Route incoming HTTP/gRPC requests to appropriate backend microservices
Authenticate requests via JWT, API keys, OAuth2, and mTLS
Enforce rate limiting per consumer, per endpoint, and globally
Transform requests and responses: header manipulation, payload transformation, protocol translation (HTTP→gRPC)
Aggregate multiple backend calls into a single client response (request aggregation/BFF pattern)
Provide a developer portal: API documentation, key management, usage analytics

Non-Functional Requirements:

P99 latency overhead under 5ms (gateway adds minimal latency to each request)
99.999% availability — the gateway is the single ingress point; its downtime = full outage
Handle 1 million requests/second throughput
Zero-downtime configuration updates: new routes, auth policies apply without restarting

Scale Estimation

1M requests/sec across a gateway cluster. Each request requires: auth token validation (~0.5ms with cached public key), rate limit check (~0.3ms Redis lookup), routing table lookup (~0.1ms in-memory), upstream proxy (~2-4ms network). Total gateway overhead: ~5ms. Gateway nodes: at 50,000 RPS per node (single-threaded event loop like Nginx/Envoy), 20 nodes needed with 2x headroom = 40 nodes. Configuration store: ~10,000 routes × 1 KB = 10 MB, trivially fits in memory on all nodes. Rate limit counters: 100,000 active consumers × 8 bytes = 800 KB in Redis.

High-Level Architecture

The gateway is a reverse proxy cluster sitting between the internet and internal microservices. All external traffic enters through the gateway — no service is directly internet-accessible. The gateway is deployed across multiple availability zones behind a cloud load balancer (AWS ALB/NLB) for HA. Each gateway node is stateless; shared state (rate limit counters, session tokens) lives in Redis.

Configuration is stored in a control plane database (PostgreSQL or etcd). A configuration reconciler watches for changes and pushes updates to all gateway nodes via a pub/sub channel — gateway nodes reload routing tables and policies in-place without dropping connections. This is the same model used by Kong (which wraps Nginx) and Envoy-based gateways (Istio, Ambassador).
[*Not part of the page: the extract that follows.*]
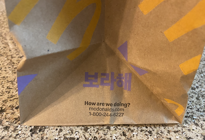 오늘 남편과 함께 맥도널드에 방문하였습니다. 이유는 BTS 때문입니다.

For high-throughput scenarios, the gateway uses async I/O (event-driven, non-blocking): a small number of worker threads handles thousands of concurrent connections. Connection pooling to backend services is maintained per-node with configurable pool sizes and health checking.

Core Components

Auth Middleware

The auth middleware runs as the first plugin in the request pipeline. For JWT validation: the gateway caches the upstream identity provider's JWKS (public keys), validates the token signature and claims (exp, iss, aud) locally without a network call. For API key auth: keys are hashed (SHA-256) and stored in Redis with associated consumer metadata; a single Redis GET validates the key and returns rate limit policy. For mTLS: the gateway terminates TLS, extracts the client certificate's CN/SAN, and maps it to an internal consumer identity. Auth failures return 401 immediately, short-circuiting all downstream processing.

Rate Limiter

Implements a sliding window counter using Redis INCR + EXPIRE. For each consumer + endpoint combination, the gateway increments a counter keyed by consumer_id:endpoint:window_timestamp. If the counter exceeds the limit, the request is rejected with 429 and a Retry-After header. The sliding window is approximated using two fixed windows (current and previous) weighted by the elapsed time fraction — this reduces memory from O(requests) to O(1) per consumer while closely approximating true sliding window behavior. Local token bucket caches in each gateway node absorb burst traffic without hitting Redis, with periodic synchronization to the shared counter.

Request Router

The routing table maps (host, path prefix, method) tuples to upstream service clusters. Matching priority: exact path > prefix match > regex. The routing table is an in-memory trie indexed by path segments for O(depth) lookup regardless of table size. Each route entry includes: upstream cluster (a list of backend endpoints), load balancing policy (round-robin, least-connections, weighted), timeout, retry policy (max attempts, retry conditions like 503/timeout), and circuit breaker thresholds. Route updates are applied atomically — the old trie is swapped for the new one after construction, so in-flight requests always use a consistent view.

Database Design

PostgreSQL stores the gateway configuration: routes (id, host, path, methods, upstream_cluster_id, plugins JSONB), consumers (id, username, auth_credentials JSONB), plugins (id, route_id, plugin_name, config JSONB), upstreams (id, name, targets JSONB, health_check_config JSONB). The JSONB plugin config supports arbitrary per-route plugin configuration without schema changes.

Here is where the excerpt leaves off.